Andrés sostuvo una de sus piernas, levantándola un poco.
Se inclinó para besar su tobillo.
Dejaba caer besos húmedos y delicados desde su tobillo subiendo hasta llegar con sus labios a su muslo.
Alveena contuvo su gemido, pero su respiración entrecortada y jadeante se podía escuchar dentro de la cabaña.
Andrés agarró una silla mientras se sentaba frente a ella.
Colocó sus piernas sobre sus hombros.
Sus ojos ardientes ahora examinaban su parte femenina expuesta, haciendo que las mejillas de Alveena se sonrojaran de vergüenza.
«Ah, su intensa mirada es suficiente para hacer que mi piel se erice.
Me estoy volviendo más húmeda.» Alveena pensó para sí misma, aún esperando que Andrés continuara.
No pasó mucho tiempo cuando Andrés volvió a llevar sus labios a su muslo.
La mera idea de que Andrés la probara allí abajo estaba enviando a su mente en un frenesí.
Sus labios rozaron el punto sensible de su piel justo debajo del muslo.
Alveena no pudo evitar dejar escapar un suave gemido.
—Oooh~ Yeesss, Cariño, pruébame ahí —Alveena gimió, instando a Andrés en el momento en que sus labios y lengua finalmente tocaron su sexo.
Andrés comenzó a lamer el núcleo húmedo de Alveena.

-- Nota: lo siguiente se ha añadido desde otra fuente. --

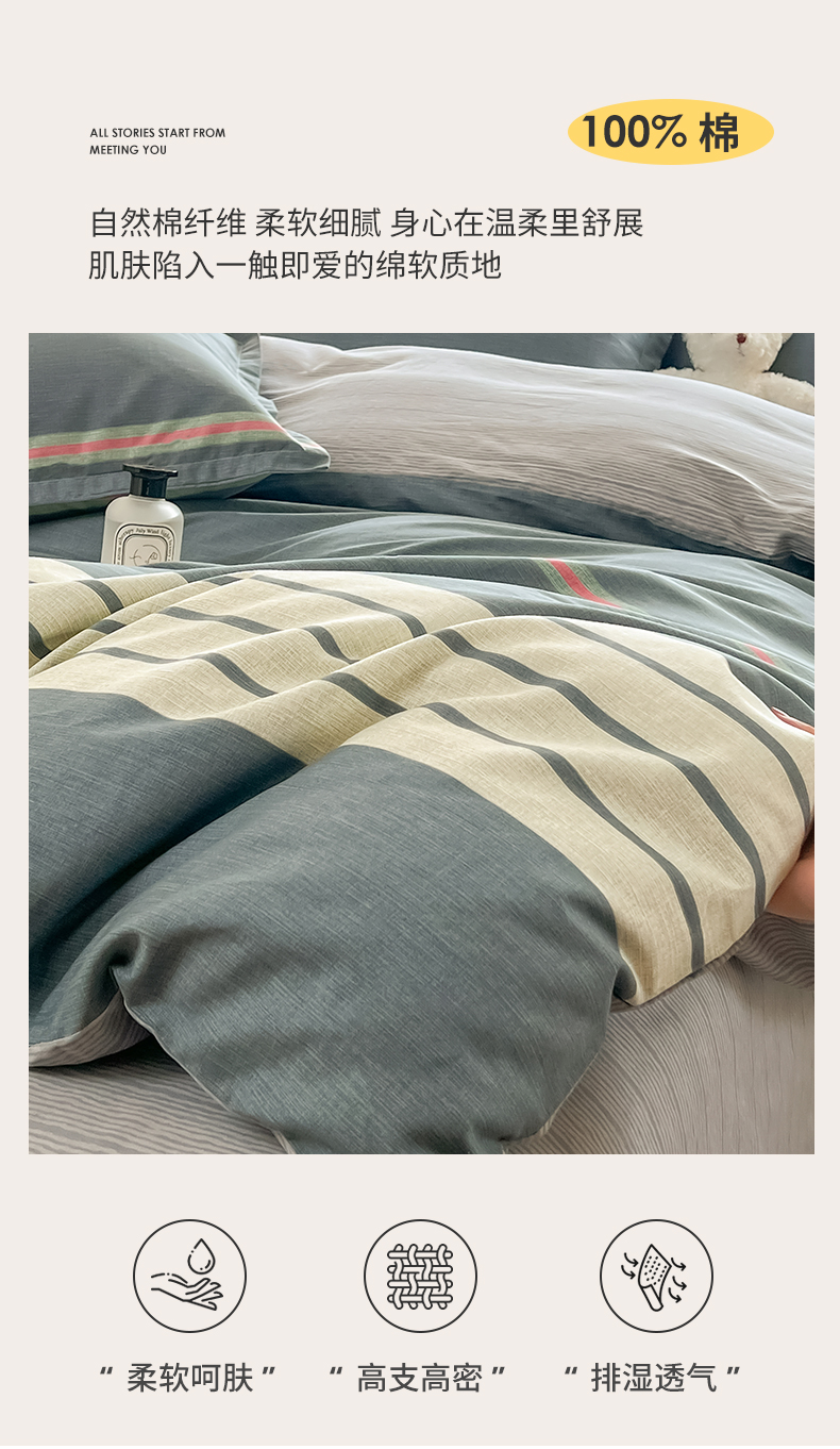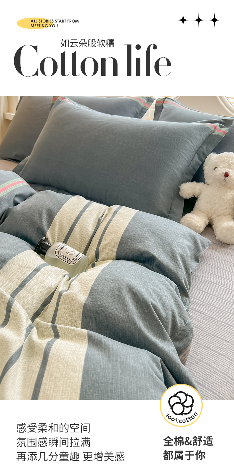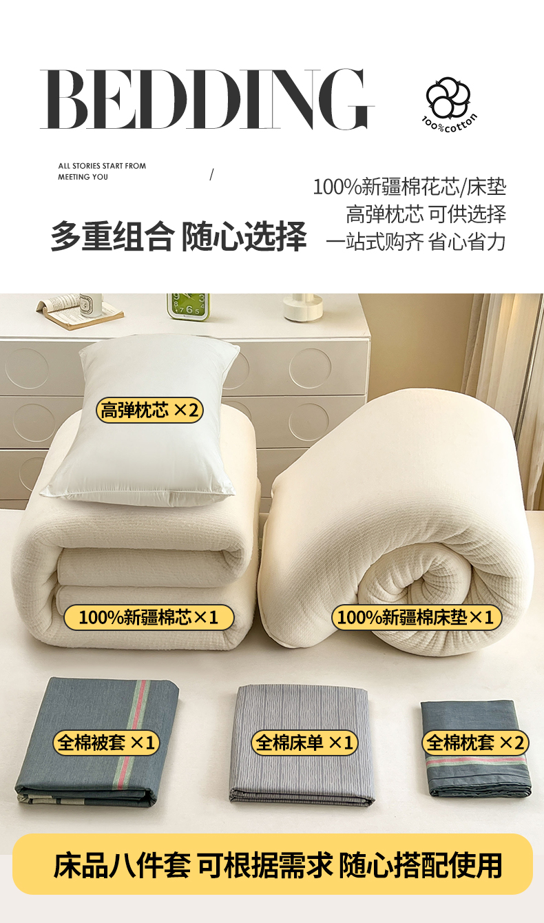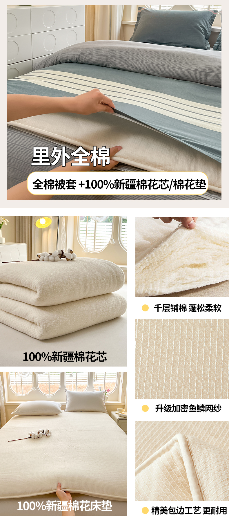 商品名称:西域种棉人·千百笠 2025新款全棉纯棉大学生宿舍100%新疆棉花被子被褥一整套枕头床垫三件套六件套 时尚条纹
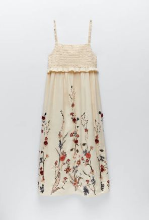 Este podría ser uno de los vestidos estrella de Zara de esta temporada, por la delicadeza de sus detalles, su corte y su mezcla de tejidos. Es de Locura en Zara: nuevos vestidos elegantes y económicos que lo ‘petan’ en distintos colores a contraste. Está fabricado en algodón y lino, y tiene un diseño que combina dos partes, ya que la de arriba está tejida en crochet, terminado con un volante en la parte baja del pecho, y la parte inferior es de lino fluido y suave. El escote es recto y elástico, y lleva unos tirantes finos y cómodos. Puede ser tuyo por 49,95 euros.

Su lengua jugueteaba con su raja.
Comenzó a succionar sus jugos de amor mientras jugaba con su clítoris.
—Aaah~ Aaah~ sí, Cariño.
Más…
dame más.
Esto se siente tan bien —Alveena continuó gimiendo, su mano ahora agarraba los bordes de la mesa.
Escuchando su petición, Andrés metió su lengua en su estrecho orificio, deslizándola dentro y fuera de ella en un movimiento lento.
El gemido de Alveena resonó dentro de su cabaña.
La lengua de Andrés estaba haciendo maravillas dentro de su núcleo.
¡Le encantaba!
Sus piernas temblaron y sus dedos de los pies se encresparon mientras Andrés continuaba f*llándola con su lengua.
Pronto, Andrés metió su dedo medio dentro de ella, moviéndolo dentro y fuera de ella junto con su lengua.
Alveena arqueó sus caderas, moviéndose al unísono con su lengua y dedo.
Andrés lentamente agregaba otros dedos dentro de ella, estirando el orificio de Alveena.
Después de unos minutos de estimulación continuada, Alveena ya sentía que su orgasmo se acumulaba en su interior.
—Andrés, Cariño…
muévete más rápido y más profundo…
Creo que voy a tener un orgasmo…
—Alveena le suplicó.
Andrés estaba tan decidido a darle un orgasmo alucinante.
Deslizó sus tres dedos dentro de ella, entrando y saliendo rápidamente mientras su lengua lamía y succionaba su clítoris.
La mano libre de Andrés alcanzó para apretar el seno izquierdo de Alveena.
Acariciaba su pecho mientras seguía lamiendo y metiendo los dedos en ella.
Con una última profunda embestida de sus tres dedos, Alveena finalmente alcanzó su primer clímax.
Su cuerpo se convulsionó y sus ojos se voltearon mientras los jugos de amor seguían fluyendo de su núcleo.
Andrés no desperdició sus jugos.
La lamió hasta dejarla limpia como si tuviera mucha sed de ella.